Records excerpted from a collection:

══════════════════════════════

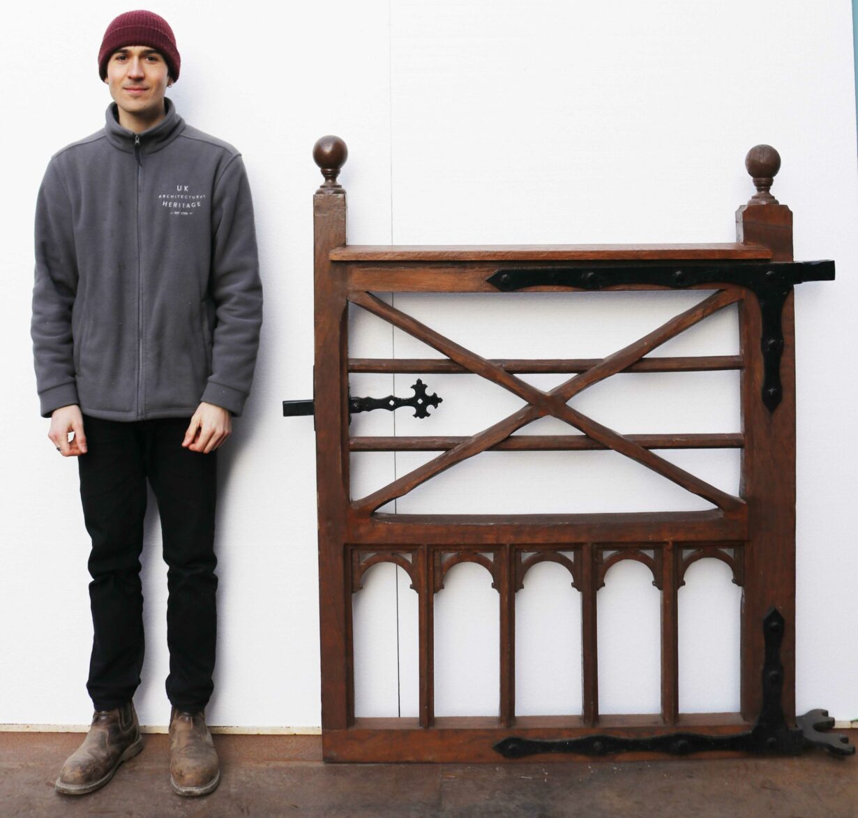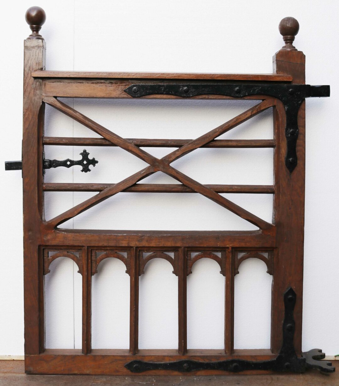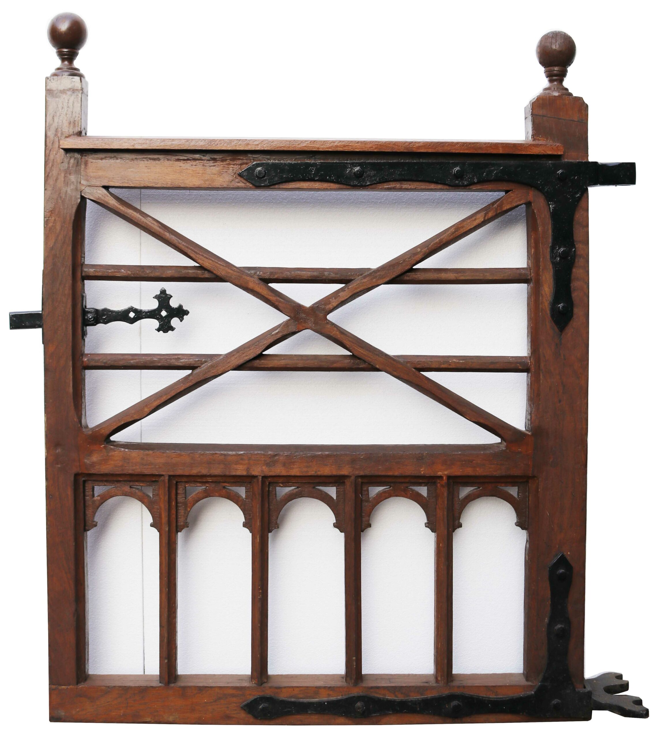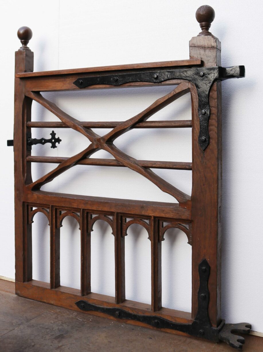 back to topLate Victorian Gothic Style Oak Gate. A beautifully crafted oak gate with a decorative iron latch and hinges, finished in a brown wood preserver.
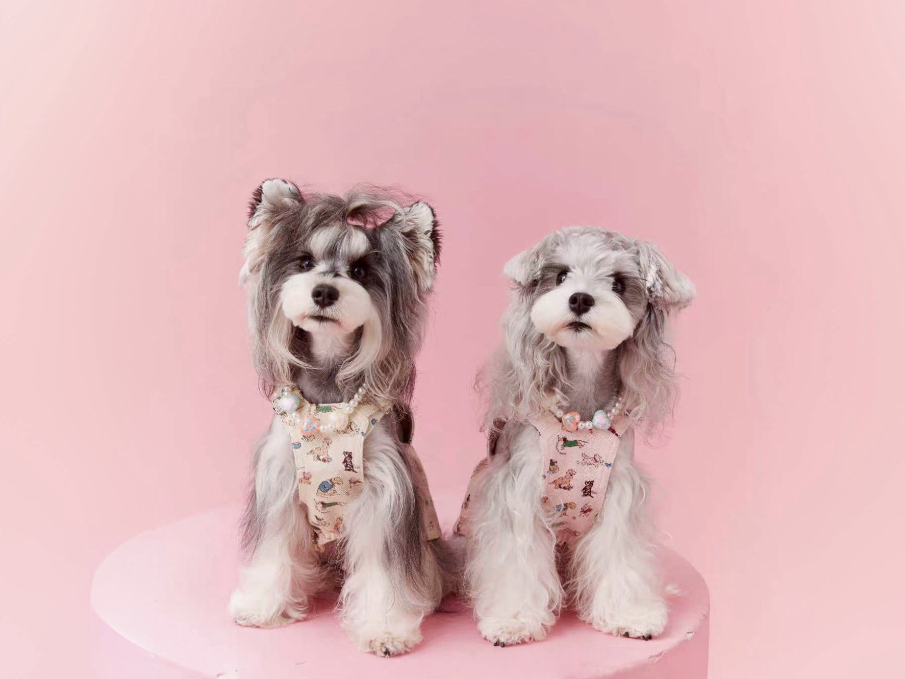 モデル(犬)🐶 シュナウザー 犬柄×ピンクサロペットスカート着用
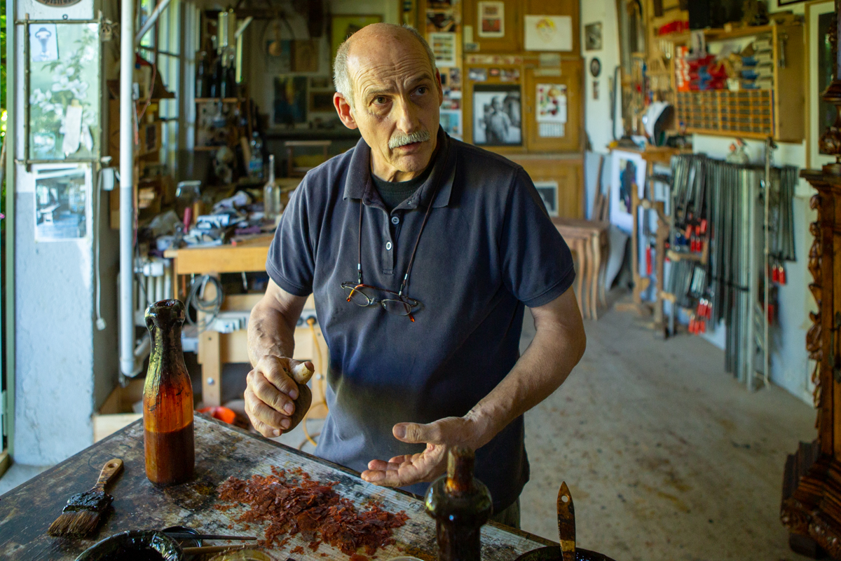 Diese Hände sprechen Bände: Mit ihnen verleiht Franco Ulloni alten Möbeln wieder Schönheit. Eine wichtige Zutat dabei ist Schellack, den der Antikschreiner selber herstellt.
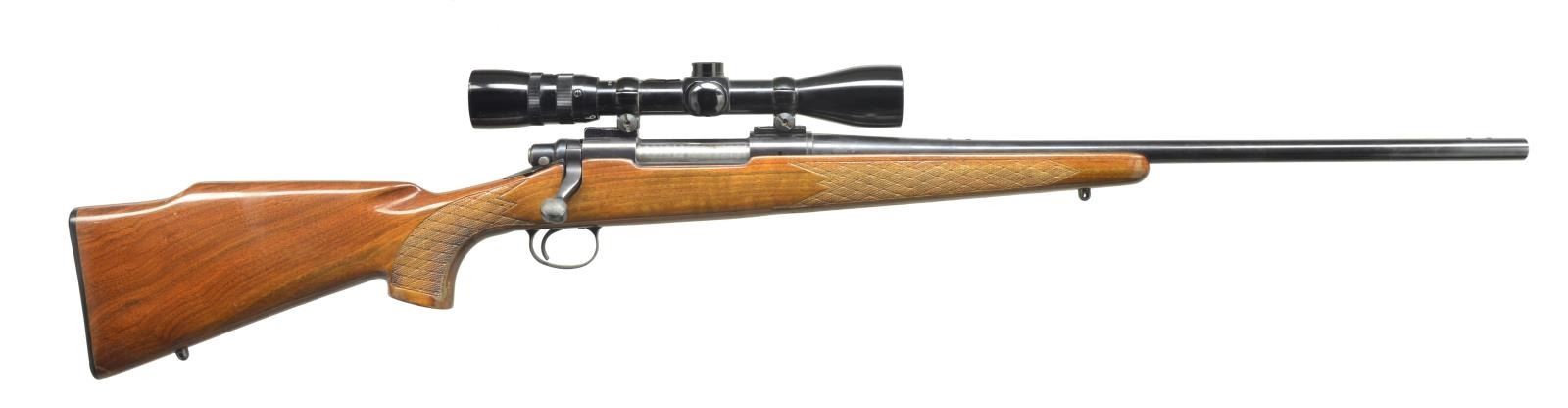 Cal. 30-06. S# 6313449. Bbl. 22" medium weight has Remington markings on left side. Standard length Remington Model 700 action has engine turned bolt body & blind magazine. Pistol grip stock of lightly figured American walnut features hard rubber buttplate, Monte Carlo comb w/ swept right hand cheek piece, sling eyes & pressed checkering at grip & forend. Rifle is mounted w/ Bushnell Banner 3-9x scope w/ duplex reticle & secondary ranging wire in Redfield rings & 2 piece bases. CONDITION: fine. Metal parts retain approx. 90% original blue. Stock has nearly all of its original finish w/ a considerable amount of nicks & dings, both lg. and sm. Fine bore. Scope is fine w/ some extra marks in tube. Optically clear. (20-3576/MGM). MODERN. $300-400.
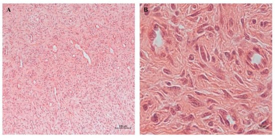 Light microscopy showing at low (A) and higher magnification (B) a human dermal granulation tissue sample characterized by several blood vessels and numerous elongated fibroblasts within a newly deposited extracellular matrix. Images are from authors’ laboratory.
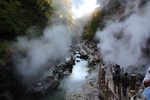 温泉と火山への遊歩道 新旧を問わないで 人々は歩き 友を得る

══════════════════════════════

- _YOUR GOAL_: With the pictures removed, print the entries above exactly.

- _TASK OUTPUT_:
 back to topLate Victorian Gothic Style Oak Gate. A beautifully crafted oak gate with a decorative iron latch and hinges, finished in a brown wood preserver.
 モデル(犬)🐶 シュナウザー 犬柄×ピンクサロペットスカート着用
 Diese Hände sprechen Bände: Mit ihnen verleiht Franco Ulloni alten Möbeln wieder Schönheit. Eine wichtige Zutat dabei ist Schellack, den der Antikschreiner selber herstellt.
 Cal. 30-06. S# 6313449. Bbl. 22" medium weight has Remington markings on left side. Standard length Remington Model 700 action has engine turned bolt body & blind magazine. Pistol grip stock of lightly figured American walnut features hard rubber buttplate, Monte Carlo comb w/ swept right hand cheek piece, sling eyes & pressed checkering at grip & forend. Rifle is mounted w/ Bushnell Banner 3-9x scope w/ duplex reticle & secondary ranging wire in Redfield rings & 2 piece bases. CONDITION: fine. Metal parts retain approx. 90% original blue. Stock has nearly all of its original finish w/ a considerable amount of nicks & dings, both lg. and sm. Fine bore. Scope is fine w/ some extra marks in tube. Optically clear. (20-3576/MGM). MODERN. $300-400.
 Light microscopy showing at low (A) and higher magnification (B) a human dermal granulation tissue sample characterized by several blood vessels and numerous elongated fibroblasts within a newly deposited extracellular matrix. Images are from authors’ laboratory.
 温泉と火山への遊歩道 新旧を問わないで 人々は歩き 友を得る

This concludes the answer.